### SOURCE INFORMATION
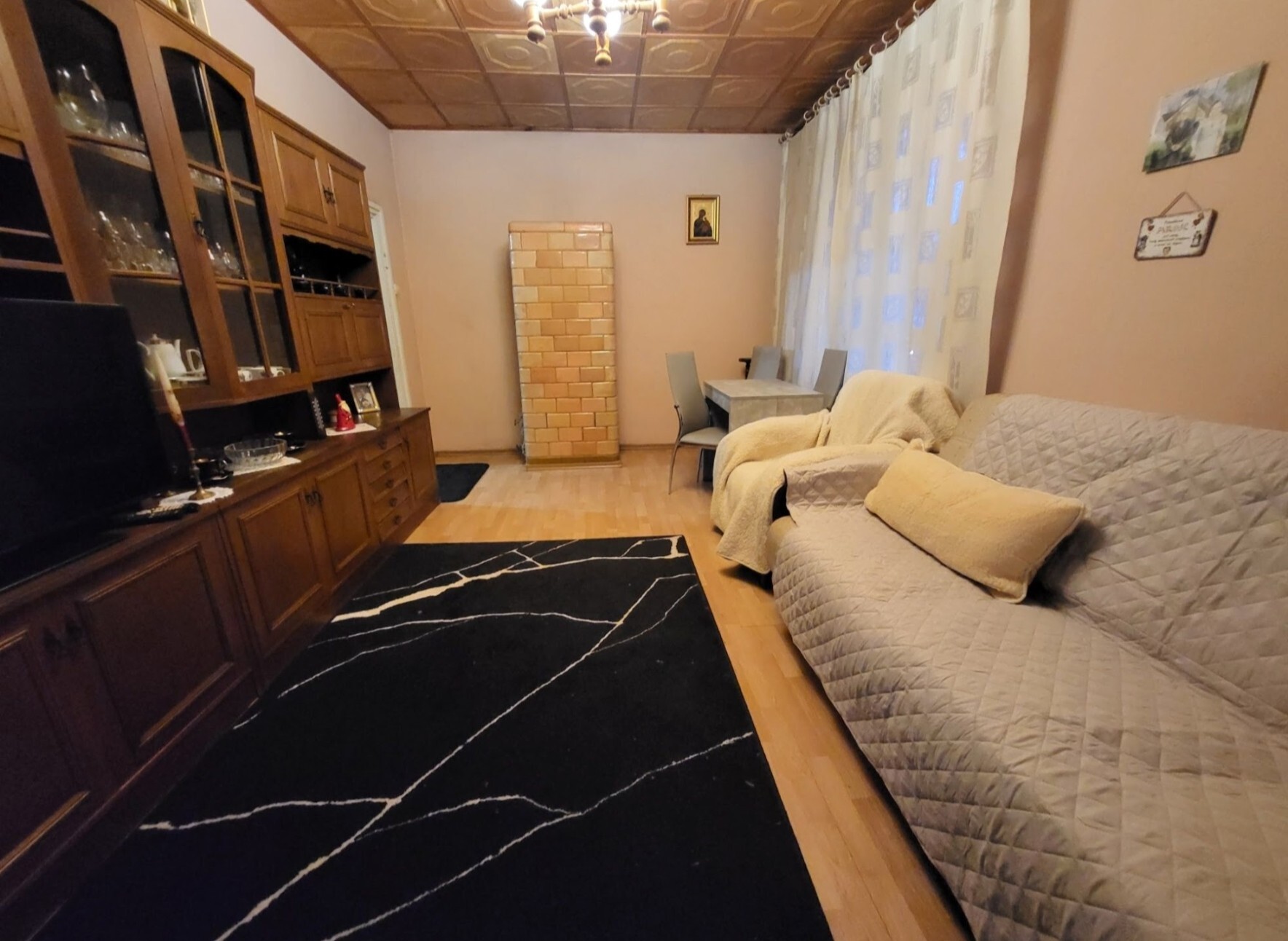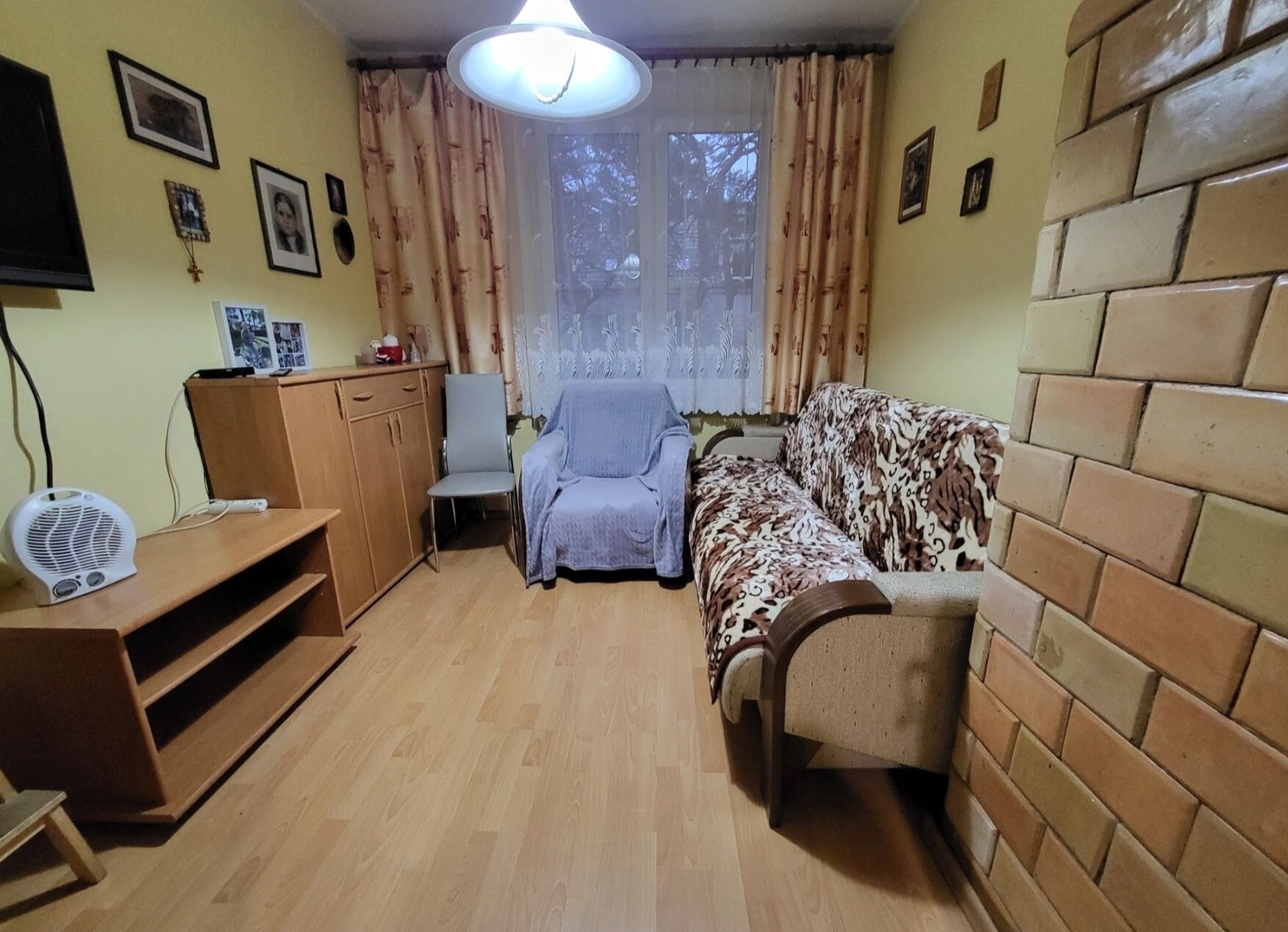 Zdecydowaną zaletą są ciągi kominowe, gdzie w salonie i sypialni aż się prosi, żeby zainstalować klimatyczne kominki. Jest to wielka zaleta starego budownictwa. Niski czynsz, zaledwie 350 zł.
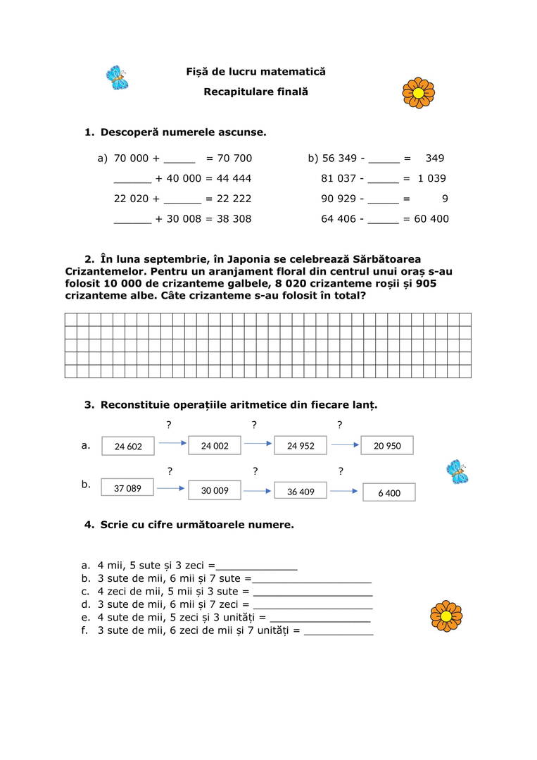 [Sticky] Fișe de lucru - Recapitulare finală - Formarea, citirea, scrierea nr. naturale
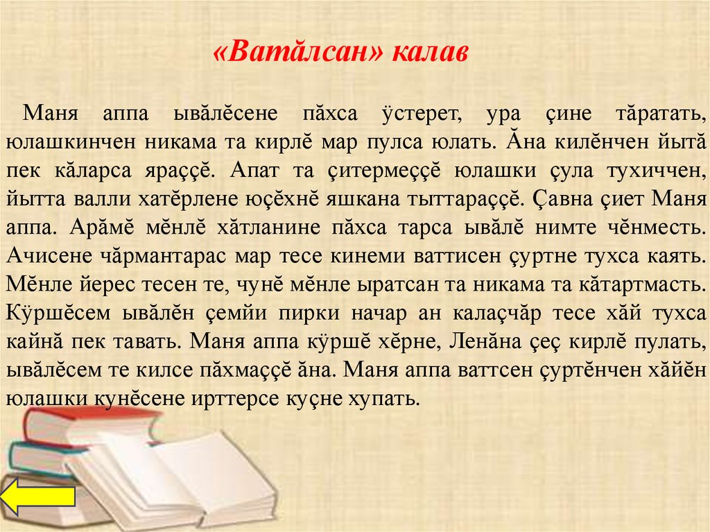 «…чысна мар, сăн пуçна та çухатрăн ĕнтĕ. Ĕретрен тухса ÿкнĕ йăлт,
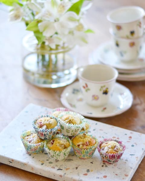- Häll upp smeten i muffinsformar och toppa med en tsk rabarber.
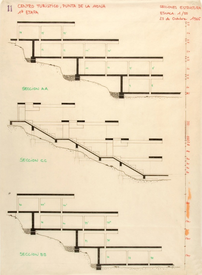 Secciones - Fondo Fernando Higueras, Arxiu Històric del Col·egi d'Arquitectes de Catalunya (COAC), en Desde el Origen Fernando Higueras 1950-2008, vía Ministerio de Transportes, Movilidad y Agenda Urbana (MITMA) -

### WHAT IS EXPECTED
Reproduce the lines above letter for letter. The pictures stay behind.

### WRITTEN SOLUTION
 Zdecydowaną zaletą są ciągi kominowe, gdzie w salonie i sypialni aż się prosi, żeby zainstalować klimatyczne kominki. Jest to wielka zaleta starego budownictwa. Niski czynsz, zaledwie 350 zł.
 [Sticky] Fișe de lucru - Recapitulare finală - Formarea, citirea, scrierea nr. naturale
 «…чысна мар, сăн пуçна та çухатрăн ĕнтĕ. Ĕретрен тухса ÿкнĕ йăлт,
- Häll upp smeten i muffinsformar och toppa med en tsk rabarber.
 Secciones - Fondo Fernando Higueras, Arxiu Històric del Col·egi d'Arquitectes de Catalunya (COAC), en Desde el Origen Fernando Higueras 1950-2008, vía Ministerio de Transportes, Movilidad y Agenda Urbana (MITMA) -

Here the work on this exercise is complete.